As you can see, at a conceptual level it is a very simple algorithm, although you will see how we are going to find some more complicated points. In any case, to see how it works, I will first need some data on which to use the kmeans algorithm in Python.

Creating fake data

So, I’m going to create some very different fictitious data for three groups, as I did in the post how to program a neural network from 0 in Python .

To do this, I am going to create a function that, given some coordinates, a radius, and a number of data, will create that amount of data randomly distributed around the chosen center.

In this way, we will create three differentiated groups in which, it may be that data from different groups are close together, thus giving rise to certain errors.

import math
import numpy as np
import pandas as pd
np.random.seed(123)

def circulo(num_datos = 100,R = 1, minimo = 0,maximo= 1, center_x = 0 , center_y = 0):
    pi = math.pi
    r = R * np.sqrt(np.random.uniform(minimo, maximo, size = num_datos)) 
    theta = np.random.uniform(minimo, maximo, size= num_datos) * 2 * pi

    x = center_x + np.cos(theta) * r
    y = center_y + np.sin(theta) * r

    x = np.round(x,3)
    y = np.round(y,3)

    df = np.column_stack([x,y])
    df = pd.DataFrame(df)
    df.columns = ['x','y']
    return(df)

# Create data
datos_1 = circulo(num_datos = 20,R = 10, center_x = 5, center_y = 30)
datos_2 = circulo(num_datos = 20,R = 10, center_x = 20, center_y = 10)
datos_3 = circulo(num_datos = 20,R = 10, center_x = 50, center_y = 50)
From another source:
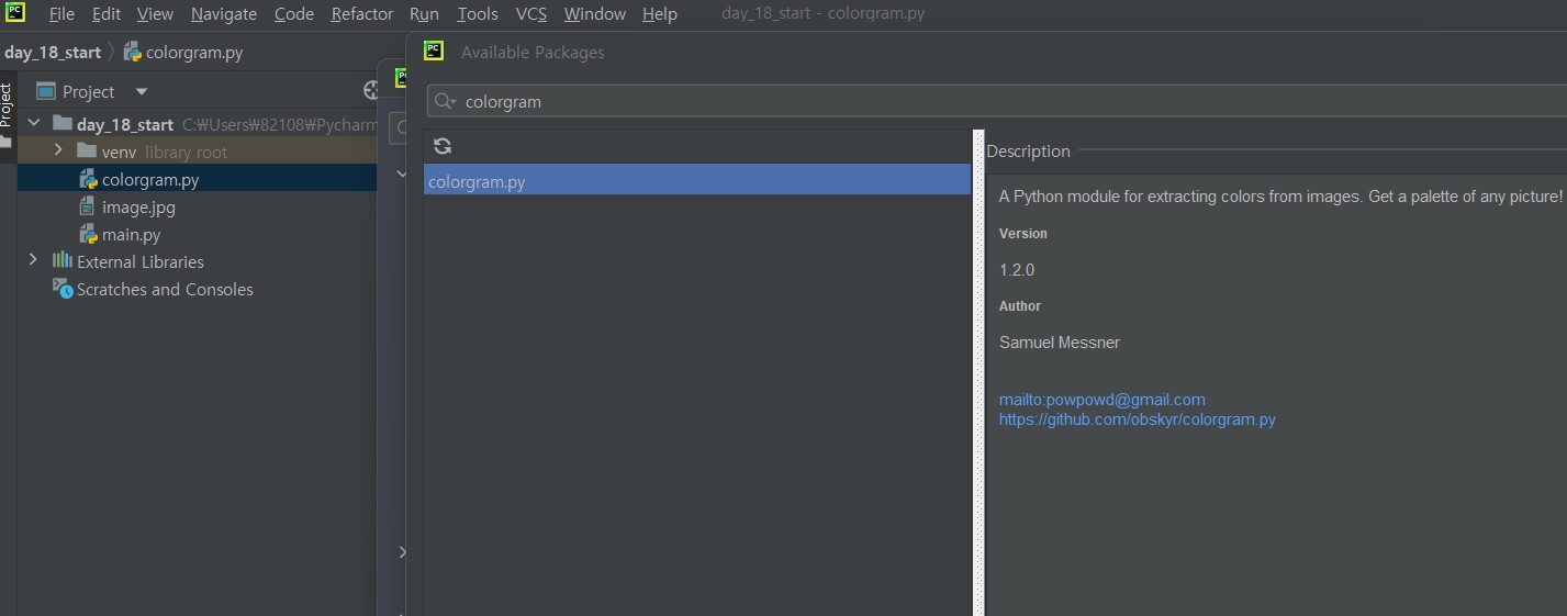 [ctrl] + [alt] + [s] 를 한 후, colorgram 패키지를 설치한다.

data = datos_1.append(datos_2).append(datos_3)
data.head()
xy
0-0.54223.761
18.12925.661
24.23925.298
3-0.69125.230
43.53921.645

If we visualize our data we will see how there are three differentiated groups:

import matplotlib.pyplot as plt
%matplotlib inline

plt.scatter(datos_1['x'], datos_1['y'], c = 'b')
plt.scatter(datos_2['x'], datos_2['y'], c = 'r')
plt.scatter(datos_3['x'], datos_3['y'], c = 'g')
plt.show()
Data to be classified by kmeans algorithm

As we can see, we have three well-differentiated groups of data. Our goal will be to create a kmeans algorithm in Python that is capable of solving this problem and group them correctly.

Following the explanation above, the first step in creating our kmeans algorithm in Python will be to calculate the root of the sum of squared errors. So, let’s go for it!
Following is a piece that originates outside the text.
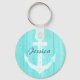 Turquoise blue nautical boat anchor keychain with name. Maritime theme design with navy sailing ship anchor. Personalizable gift for friends and family.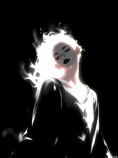 FSWL, A surreal digital painting of a woman with her head tilted back, eyes closed, and long, flowing hair blending into a fiery halo of light. She has a calm, serene expression, and her skin is illuminated by the ethereal glow. The background is a deep, textured black, enhancing the mystical and otherworldly atmosphere. The style is abstract and expressive, with a focus on light and shadow. The image has a dreamlike quality, evoking a sense of tranquility and inner peace.

Program kmeans algorithm in Python from scratch

Random initialization of the centroids

First of all, we must initialize k centroids randomly. This is not much of a mystery. However, to make the allocation process faster, it is interesting that the centroids are within the range of the data itself. This will help the algorithm to converge earlier, similar to what happens in the parameter initiation of other algorithms, such as neural networks.
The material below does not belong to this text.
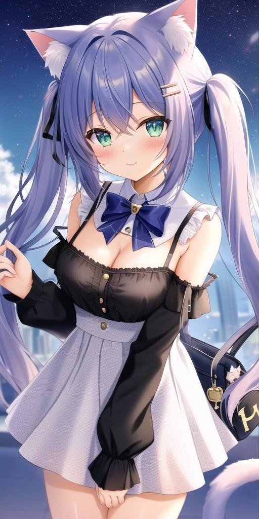 Но вот кошкодевочек на запрос cat girl он вообще без проблем выдает. Как будто он специально заточен на их рисование)

So, we create a function in which, given some data and a centroid quantity, it initializes them:

def initialize_centroids(k, data):

    n_dims = data.shape[1]
    centroid_min = data.min().min()
    centroid_max = data.max().max()
    centroids = []

    for centroid in range(k):
        centroid = np.random.uniform(centroid_min, centroid_max, n_dims)
        centroids.append(centroid)

    centroids = pd.DataFrame(centroids, columns = data.columns)

    return centroids

centroids = initialize_centroids(3, data)
centroids
xy
052.8333889.953092
115.16810729.151304
252.62257157.644971

Now that we have our centroids, we must learn to calculate the error.

Calculate the root of the sum of squared errors

Surely, you have heard that the kmeans algorithm consists of measuring distance. Actually, this is not the case, the kmeans algorithm seeks to minimize the root of the sum of squared errors. This indicator can be calculated as follows:

$$ error = \sqrt{(x_{2} – x_{1})^2 + (y_{2} – y_{1})^2} $$

Interestingly, this formula exactly matches the Euclidean distance:

Fórmula de la distancia euclídea

That is why many times we get confused, although now you know that kmeans is not based on distance. In fact, if the kmeans algorithm was based on distances, we could use another type of distance measurement (as in the kNN algorithm), but this is not the case.

In any case, we can create a function that calculates the root of the sum of squared errors:

def calculate_error(a,b):
    '''
    Given two Numpy Arrays, calculates the root of the sum of squared errores.
    '''
    error = np.square(np.sum((a-b)**2))

    return error    

Since we already have the centroids, the data and the way to calculate the error, we can check that our error works correctly. To do this, we simply have to obtain the errors of the 3 centroids to an observation and visually compare it:

errors = np.array([])
for centroid in range(centroids.shape[0]):
    error = calculate_error(centroids.iloc[centroid, :2], data.iloc[0,:2])
    errors = np.append(errors, error)

errors
array([ 9239109.47028511,    76100.30291143, 15797406.01662303])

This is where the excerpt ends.